Anthropic, OpenAI, and Google executives are expected to attend a working lunch at the summit on Wednesday, Reuters previously reported, where technology regulation, AI infrastructure, and networks are on the agenda. Anthropic’s spokesperson did not immediately respond to requests for comment at the time of publication.

How the “Trusted Partners” Scheme Compares to Existing AI Access Frameworks

The proposed G7 framework is not without precedent, but it would represent a meaningful departure from how AI access has been governed to date. The table below maps it against the two most relevant existing approaches.

Framework Who Decides Access Scope Legal Basis Key Limitation
Trump Executive Order (current) U.S. President / Commerce Dept. Blanket ban on foreign nationals for named models National security executive authority No ally exemption; cuts off friendly governments equally
Proposed G7 “Trusted Partners” Scheme U.S. Commerce Secretary + G7 counterparts Selective access for vetted countries or companies To be negotiated; no formal agreement yet Criteria for “trusted” status undefined; implementation timeline unclear
Anthropic’s Pre-Ban Model Anthropic (company-level vetting) 15+ countries; critical infrastructure sectors only Commercial terms + voluntary security review No government oversight; revocable unilaterally by U.S. order

The comparison underscores that any durable “trusted partners” arrangement will require a formal intergovernmental legal basis — something that does not yet exist. Without it, access granted today could be revoked by the next executive order just as rapidly as it was shut down on Friday.

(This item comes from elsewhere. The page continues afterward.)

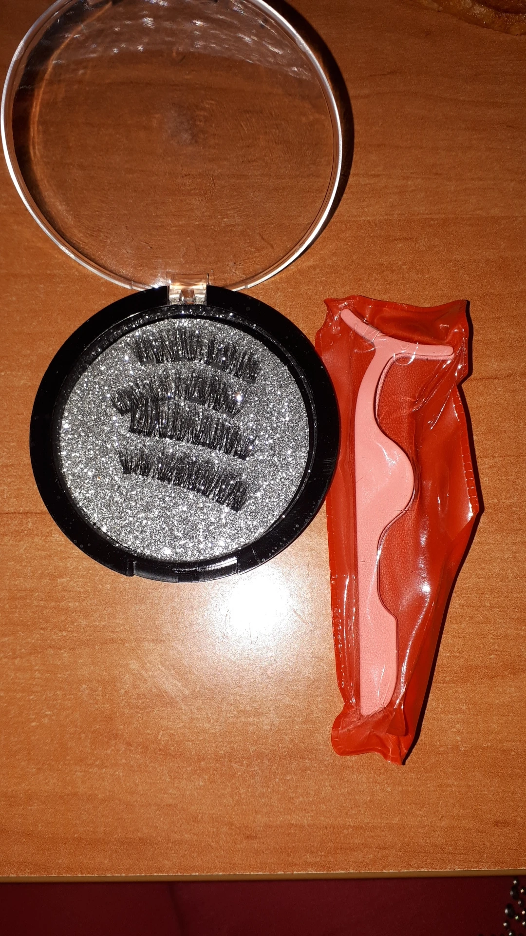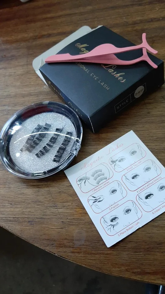 первые ресницы пришли без 2 магнитиков. продавец выслал вторые бесплатно. уже заказала ещё пару. держатся хорошо. нужно принаровиться надевать. получилось не с первого раза, теперь за 5 минут креплю. как многие писали инструмент не особо помогает или у меня не получается с ним работать.

The stakes extend well beyond Anthropic. AI is already reshaping the vulnerability exploitation race, compressing the window between a flaw’s discovery and its weaponization. Allies that lose access to frontier defensive AI tools — even temporarily — face a measurable degradation in their ability to keep pace. That urgency is what pushed G7 representatives to raise the issue within 72 hours of the Anthropic shutdown, rather than waiting for formal diplomatic channels.

Google and OpenAI, whose executives are also attending Wednesday’s working lunch, develop models at comparable or greater capability levels. Neither company’s models have been subject to the same access restrictions as Anthropic’s — a disparity that, according to the source article, has not been publicly explained by the administration. Whether the “trusted partners” framework, if formalized, would extend to models from those companies is also unresolved.

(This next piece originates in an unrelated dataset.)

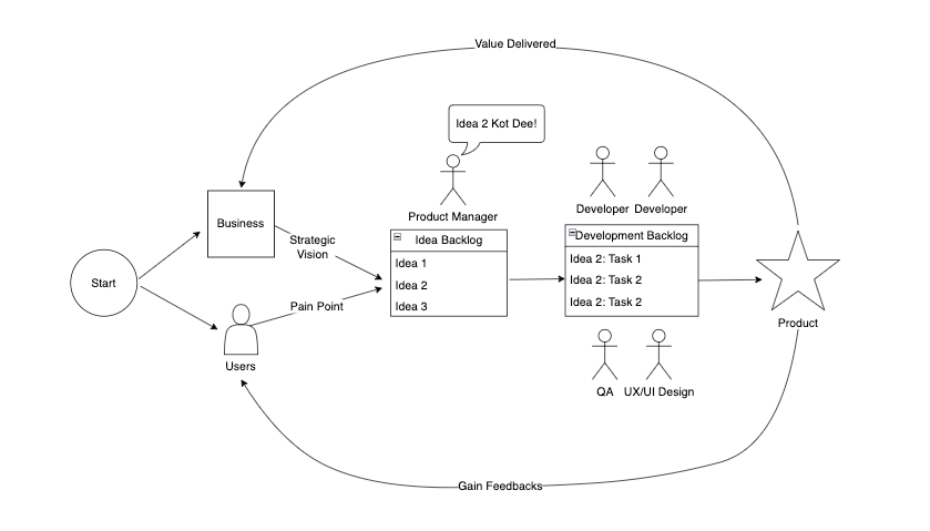เมื่อได้ไอเดียที่ Product Manager เลือกแล้ว ก็จะเอาเข้าไปสู่ Developement Backlog หรือเรียกว่าเป็นแตก Task เพื่อให้ทีมได้สร้าง Product ขึ้นมา

How Serious Players Should Respond

For allied governments, the immediate priority is to formalize what is currently an informal dinner conversation. A voluntary framework negotiated on summit sidelines offers no legal durability; the EU, UK, Japan, and Canada should press Washington for a binding bilateral or multilateral instrument that codifies access rights, security review standards, and revocation procedures before the next executive order renders the point moot. The EU’s specific interest in studying Mythos 5 for its security implications is a natural anchor for that negotiation.

For technology executives — particularly at Anthropic, OpenAI, and Google — the G7 talks signal that government access policy is now a first-order strategic variable, not a compliance footnote. Companies that invest in transparent, auditable access-control architecture are better positioned to satisfy both Washington’s national security requirements and allies’ demands for access. The abruptness of Friday’s shutdown illustrates what happens when that architecture does not exist in advance. Satya Nadella’s broader warning about a handful of AI winners hollowing out entire industries takes on a geopolitical dimension here: concentrated AI capability, subject to unilateral government control, is a systemic fragility for the entire allied technology ecosystem.

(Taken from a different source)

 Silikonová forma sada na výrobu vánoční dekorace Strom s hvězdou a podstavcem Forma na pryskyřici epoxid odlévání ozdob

For regulators and policymakers watching from outside the G7, the Evian talks establish a template — and a precedent. If the “trusted partners” scheme moves forward, it will effectively create a tiered global AI access regime: U.S. insiders, vetted G7 allies, and everyone else. Understanding which tier your jurisdiction falls into — and how to move up — is now a live policy question with direct implications for national AI strategy, cybersecurity posture, and economic competitiveness.